I am wondering what the big-O runtime complexity is for comparing two collections.Counter objects. Here is some code to demonstrate what I mean:

import collections
counter_1 = collections.Counter("abcabcabcabcabcabcdefg")
counter_2 = collections.Counter("xyzxyzxyzabc")
comp = counter_1 == counter_2  # What is the runtime of this comparison statement?

Is the runtime of the equality comparison in the final statement O(1)? Or is it O(num_of_unique_keys_in_largest_counter)?

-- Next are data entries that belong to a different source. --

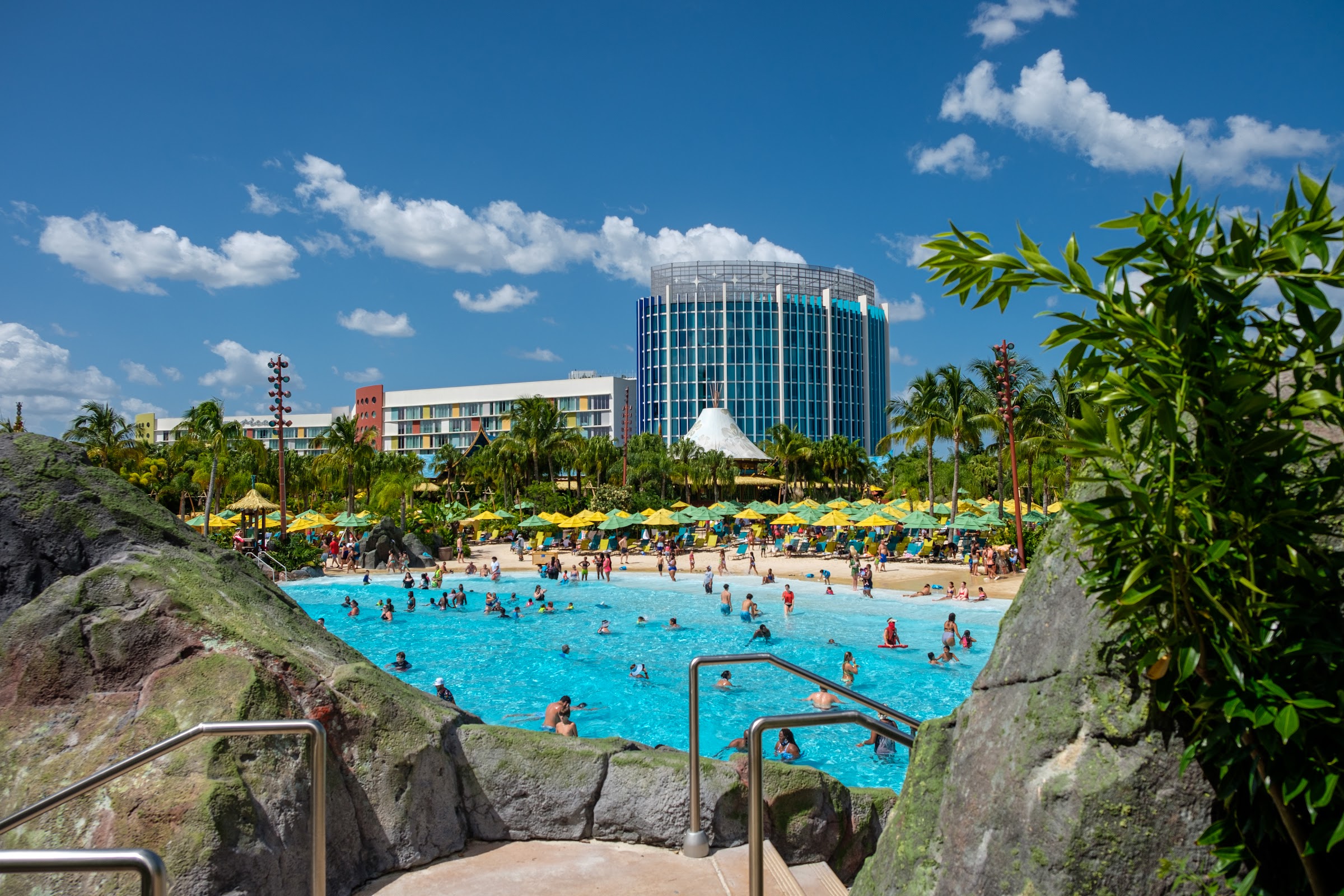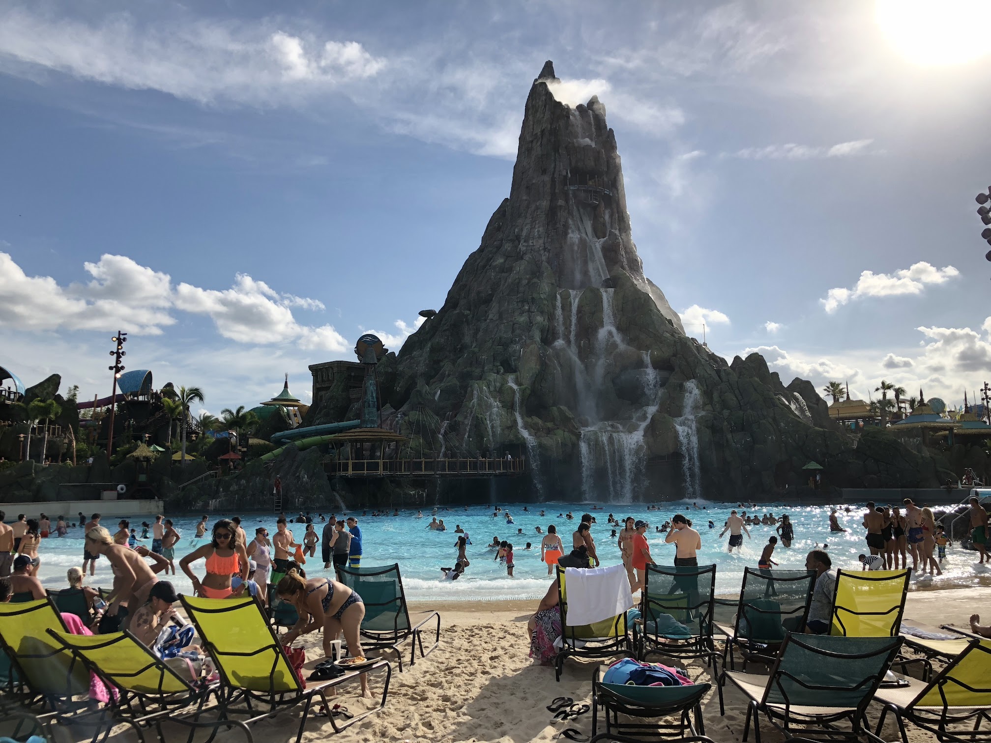 It’s a beautiful wave pool that’s huge and sits right underneath the big volcano. It’s almost like it’s the center point of the whole park. Waves are big and fun to swim in. Overall a great addition to the center of Volcano Bay.
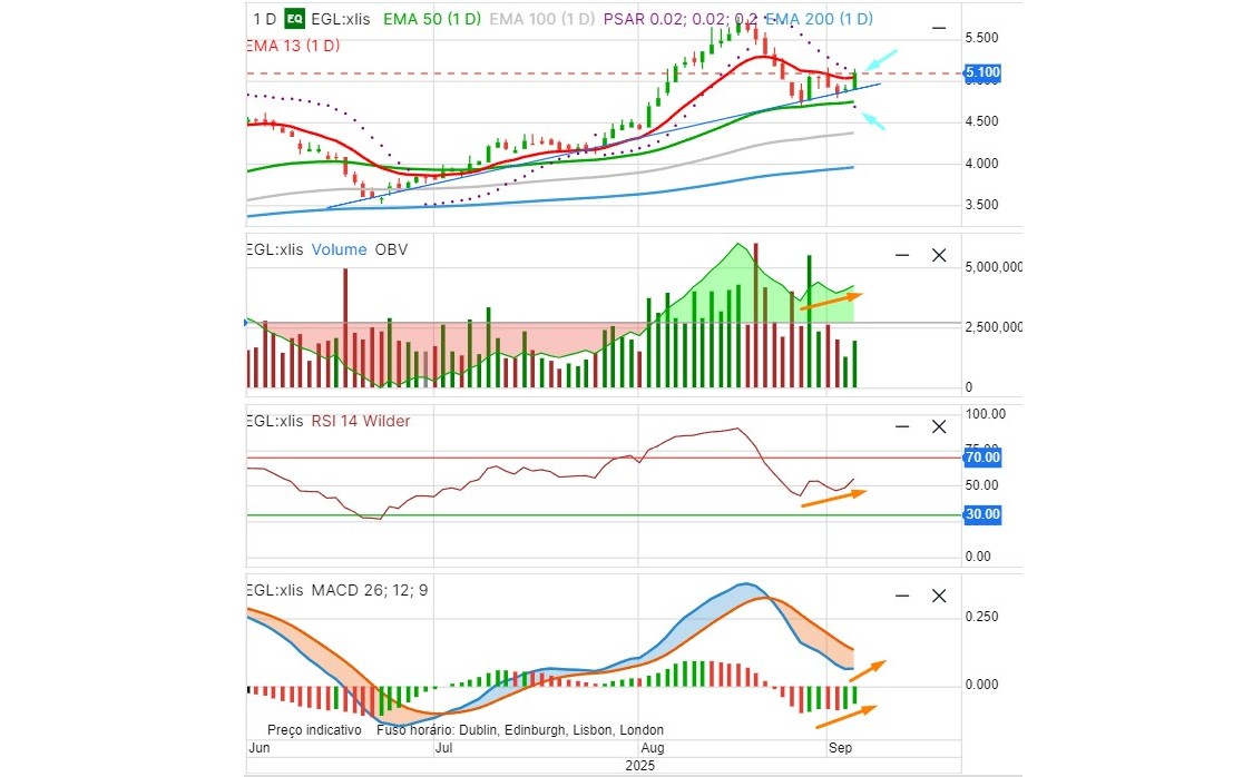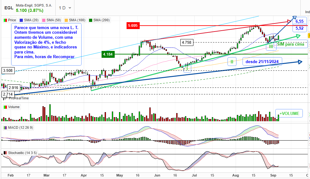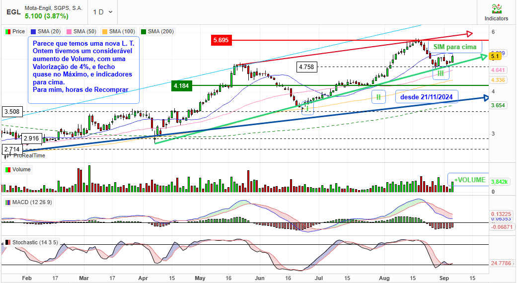A conjuntura atual apresenta alguns riscos, nomeadamente no que diz respeito à situação Francesa e Inglesa, mas aparentemente os mercados, para já, estão a ignorar "o fumo". Se não se confirmar o "fogo" (eventual resgate do FMI à França), parece-me que a Mota está bem encaminhada para testar novamente o intervalo de 5.70€ a 5.90€.
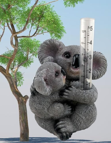 Koala Mum & Joey Rain Gauge - Cute Glass Rain Gauge, Outdoor Garden Decoration
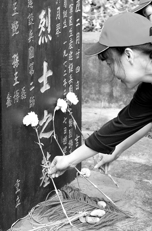 | 3月30日,海口许多中小学生、企业员工利用双休日来到金牛岭烈士陵园祭奠革命英烈。 本报记者 苏建强 摄 |
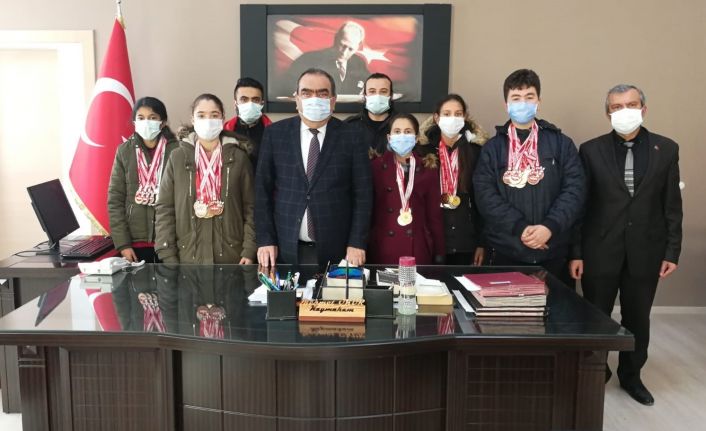 Kurs öğretmenleri Hasan Can ve Murat Dirier ile Serinhisar Halk Eğitimi Merkezi Müdürü Mehmet SelçukK ve öğrencilerden oluşan grup İlçe Kaymakamı Mehmet Okur’u makamında ziyaret etti. Kaymakam Okur, takım oyuncularını tebrik ederek başarılarının devamını diledi.

Or is it something else?

For reference, here is the source code for collections.Counter https://github.com/python/cpython/blob/0250de48199552cdaed5a4fe44b3f9cdb5325363/Lib/collections/init.py#L497

I do not see the class implementing an __eq()__ method.

Bonus points: If the answer to this question changes between python2 and python3, I would love to hear the difference?

like image 562
Ryan Avatar asked Feb 13 '26 10:02

Ryan


1 Answers

Counter is a subclass of dict, therefore the big O analysis is the one of dict, with the caveat that Counter objects are specialized to only hold int values (i/e they can not hold collections of values as dicts can); this simplifies the analysis.

Looking at the c code implementation of the equality comparison:

  • There is an early exit if the number of keys is different. (this does not influence big-O).
  • Then a loop that iterates over all the keys that exits early if the key is not found, or if the corresponding value is different. (again, this has no bearing on big-O).
  • if all keys are found, and the corresponding values are all equal, then the dictionaries are declared equal. The lookup and comparisons of each key-value pair is O(1); this operation is repeated at most n times (n being the number of keys)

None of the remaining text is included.